The concentration and purification of 8-isoprostane from urine samples was processed by affinity sorbent (Cayman Chemical, USA), following the producer’s protocol with some modification. Briefly, approximately 1 ml of urine sample was centrifuged for 10 min at 4°C and 13500 rmp. Then, to 300 μl of supernatant was added 700 μl of phosphate buffer (0.1M, pH=7.4), 10 μl internal standard (D4-8-isoprostane, 0.1 ng/ml in H2O) and 110 μl affinity sorbent. The sample was incubated for 45 min at room temperature. After that the sample was centrifuged for 15 min at 4°C, 13500 rmp and supernatant was carefully removed by decanting. The sample was washed once with 1 ml of phosphate buffer (0.1 M, pH=7.4), centrifuged for 15 min at 4°C, 13500 rmp and the supernatant was carefully removed. After that the same washing step was repeated with 1 ml of ultra pure water. The 8-isoprostane was eluted from the affinity sorbent by 2 x 0.5 ml of 95% ethanol. The samples were evaporated to dryness under vacuum and reconstructed in 150 μl mixture of water-acetonitrile (70:30, v/v).

Chromatographic separation was carried out on XTerra C18 column (I.D. 2.1 mm x 150 mm, 3,5 μm particle size, Waters, USA) using as eluents: A-0.1% Formic acid in water; B - 0.1% Formic acid in acetonitrile at flow rate of 250 μl/min. The followed binary gradient was used: 30–90% B for 10 min; 90–30% B for 1 min; and 30% B for 4 min.

The HRAM spectra in range of m/z 200–700 were acquired on Orbitrap® mass analyzer set to operates at 30 000 resolution. The all Orbitrap MS parameters were optimized for sensitivity to the target analyte using the instrument control software program. The below presented parameters were used: spray voltage 3.2 kV; Spray current 100 μA; Sheath gas flow rate 40; Auxiliary gas flow rate 10; Sweep gas flow rate 0; Capillary voltage −37 V, Capillary temperature 280°C; Vaporizer temperature 250°C and Tube lens −99.07 V. All data acquisition and processing were carried out with XCalibur® software package (ThetmoScientific Co, USA. The ions with m/z = 353.238 and m/z =357.263, were used to monitor 8-isoprostane and D4-8-isoprostane, respectively. The linear calibration curve was established using a hundred picograms of D4-8-isoprostane for internal standard and the external standard of 8-isoprostane in range of 100 pg/ml to 5000 pg/ml. Five levels of calibration standards were measured at the beginning and in the end of the unknown samples. Two levels of quality control samples were injected after every 20 samples to monitor the inter- and intraday accuracy and precision.
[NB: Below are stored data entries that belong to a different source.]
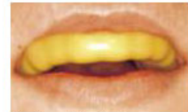
Mouth protector in place
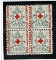
WX 19 Perf 12
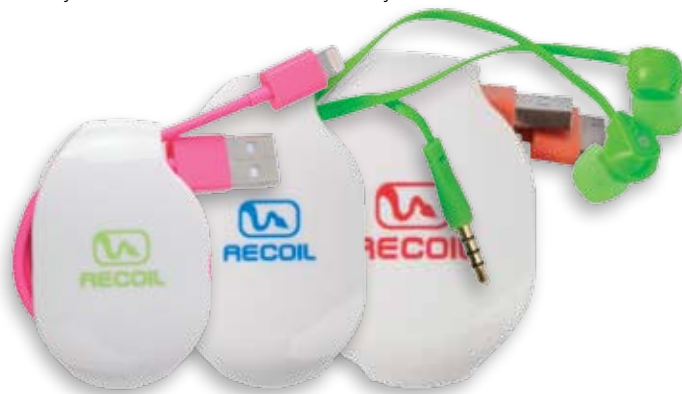
113 0037 Large Recoil winder $8.99

The age of tangled messy headphone and charger cables is over: use a Recoil cord winder to tuck nearly any loose cord into a durable egg-shaped housing. Just feed a little of your cable into the mechanism and it rolls the rest right out of sight. Both ends stick out of the Recoil winder so you can only have to extend as much cord as you need.

The urinary isoprostane levels were standardized to the levels of urinary creatinine. It was measured applying the enzyme method - Creatinine plus version 2 Cobas Integra (Roche). Results are given in pg/mkmol/creatinine.

Statistical analysis

Statistical analysis was performed using SPSS (version 14.0; SPSS) A p<0,05 was considered of statistical significance. Continuous variables are expressed as means ±SD. Kolmogorov-Smirnov was used to find if normal distribution existed. Comparison between the three groups of OSA patients (diabetics, IGT, NGM) was made using one way analysis of variance (ANOVA) if normal distribution or Kruskall-Wallis if non-parametric data was found. Mann-Whithney test was performed to compare two groups of patients according to different variables. Correlations between paired variables were performed using Pearson (normal data) or Spearman (nonparametric data) correlation analysis.

Results

Patients were divided into three groups according to their glucose metabolism – patients with already known diabetes – 23; patients with impaired glucose tolerance – 27; patients with normal glucose metabolism – 17. Anthropometric, glucometabolic, sleep study and biological characteristics are given in Table 1.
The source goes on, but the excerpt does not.